Provided material section start
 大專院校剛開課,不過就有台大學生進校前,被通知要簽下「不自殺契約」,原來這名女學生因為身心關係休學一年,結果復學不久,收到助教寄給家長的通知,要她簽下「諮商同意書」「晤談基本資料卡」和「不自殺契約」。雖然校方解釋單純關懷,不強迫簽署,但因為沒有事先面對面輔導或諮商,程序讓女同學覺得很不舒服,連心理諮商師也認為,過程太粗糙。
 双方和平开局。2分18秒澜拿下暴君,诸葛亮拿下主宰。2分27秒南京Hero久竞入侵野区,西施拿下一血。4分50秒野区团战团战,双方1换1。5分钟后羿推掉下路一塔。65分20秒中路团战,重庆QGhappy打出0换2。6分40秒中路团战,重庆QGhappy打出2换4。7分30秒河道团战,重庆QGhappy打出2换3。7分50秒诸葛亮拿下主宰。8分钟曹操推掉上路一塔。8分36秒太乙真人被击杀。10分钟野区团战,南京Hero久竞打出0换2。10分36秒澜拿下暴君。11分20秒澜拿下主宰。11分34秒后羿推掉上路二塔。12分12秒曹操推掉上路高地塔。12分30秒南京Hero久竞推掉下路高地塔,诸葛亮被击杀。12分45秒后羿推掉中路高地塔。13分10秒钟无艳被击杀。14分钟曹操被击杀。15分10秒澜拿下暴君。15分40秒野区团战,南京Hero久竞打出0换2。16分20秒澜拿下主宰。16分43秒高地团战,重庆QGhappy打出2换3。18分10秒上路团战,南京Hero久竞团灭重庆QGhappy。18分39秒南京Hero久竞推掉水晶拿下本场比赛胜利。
Provided material section end
Provided material section start
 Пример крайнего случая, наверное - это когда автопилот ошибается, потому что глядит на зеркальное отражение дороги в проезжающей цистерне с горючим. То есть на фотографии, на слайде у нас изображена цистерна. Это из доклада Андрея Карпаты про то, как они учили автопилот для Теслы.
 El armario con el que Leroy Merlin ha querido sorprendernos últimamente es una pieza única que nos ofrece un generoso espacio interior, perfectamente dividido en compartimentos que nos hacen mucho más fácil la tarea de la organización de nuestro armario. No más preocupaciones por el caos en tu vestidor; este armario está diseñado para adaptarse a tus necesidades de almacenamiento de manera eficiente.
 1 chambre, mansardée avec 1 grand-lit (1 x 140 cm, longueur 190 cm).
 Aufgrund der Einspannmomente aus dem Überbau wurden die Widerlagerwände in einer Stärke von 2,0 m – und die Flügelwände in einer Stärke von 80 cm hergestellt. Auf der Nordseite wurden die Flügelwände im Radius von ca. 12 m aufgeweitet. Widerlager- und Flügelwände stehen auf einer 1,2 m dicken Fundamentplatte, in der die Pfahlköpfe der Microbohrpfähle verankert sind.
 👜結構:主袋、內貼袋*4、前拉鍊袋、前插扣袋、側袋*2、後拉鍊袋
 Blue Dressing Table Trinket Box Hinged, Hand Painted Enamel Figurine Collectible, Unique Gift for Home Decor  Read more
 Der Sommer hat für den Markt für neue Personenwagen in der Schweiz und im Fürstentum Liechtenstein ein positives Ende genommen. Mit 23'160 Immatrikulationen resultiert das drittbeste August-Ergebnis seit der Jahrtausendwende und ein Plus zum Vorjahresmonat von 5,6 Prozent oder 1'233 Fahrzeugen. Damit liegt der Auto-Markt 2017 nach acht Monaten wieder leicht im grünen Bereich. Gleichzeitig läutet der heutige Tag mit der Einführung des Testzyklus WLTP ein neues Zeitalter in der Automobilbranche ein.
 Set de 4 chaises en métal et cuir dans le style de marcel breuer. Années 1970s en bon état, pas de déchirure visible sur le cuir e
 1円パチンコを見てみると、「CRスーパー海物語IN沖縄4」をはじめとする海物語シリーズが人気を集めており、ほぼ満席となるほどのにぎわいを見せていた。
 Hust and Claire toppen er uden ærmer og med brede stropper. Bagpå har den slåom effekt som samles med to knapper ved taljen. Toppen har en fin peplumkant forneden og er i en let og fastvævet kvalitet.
Provided material section end
What needs to be done: Produce a word-for-word copy of everything above from the line holding "大專院校剛開課,不過就有台大" down to the line holding "双方和平开局。2分18秒澜拿", with both of those lines kept.

Task answer:
 大專院校剛開課,不過就有台大學生進校前,被通知要簽下「不自殺契約」,原來這名女學生因為身心關係休學一年,結果復學不久,收到助教寄給家長的通知,要她簽下「諮商同意書」「晤談基本資料卡」和「不自殺契約」。雖然校方解釋單純關懷,不強迫簽署,但因為沒有事先面對面輔導或諮商,程序讓女同學覺得很不舒服,連心理諮商師也認為,過程太粗糙。
 双方和平开局。2分18秒澜拿下暴君,诸葛亮拿下主宰。2分27秒南京Hero久竞入侵野区,西施拿下一血。4分50秒野区团战团战,双方1换1。5分钟后羿推掉下路一塔。65分20秒中路团战,重庆QGhappy打出0换2。6分40秒中路团战,重庆QGhappy打出2换4。7分30秒河道团战,重庆QGhappy打出2换3。7分50秒诸葛亮拿下主宰。8分钟曹操推掉上路一塔。8分36秒太乙真人被击杀。10分钟野区团战,南京Hero久竞打出0换2。10分36秒澜拿下暴君。11分20秒澜拿下主宰。11分34秒后羿推掉上路二塔。12分12秒曹操推掉上路高地塔。12分30秒南京Hero久竞推掉下路高地塔,诸葛亮被击杀。12分45秒后羿推掉中路高地塔。13分10秒钟无艳被击杀。14分钟曹操被击杀。15分10秒澜拿下暴君。15分40秒野区团战,南京Hero久竞打出0换2。16分20秒澜拿下主宰。16分43秒高地团战,重庆QGhappy打出2换3。18分10秒上路团战,南京Hero久竞团灭重庆QGhappy。18分39秒南京Hero久竞推掉水晶拿下本场比赛胜利。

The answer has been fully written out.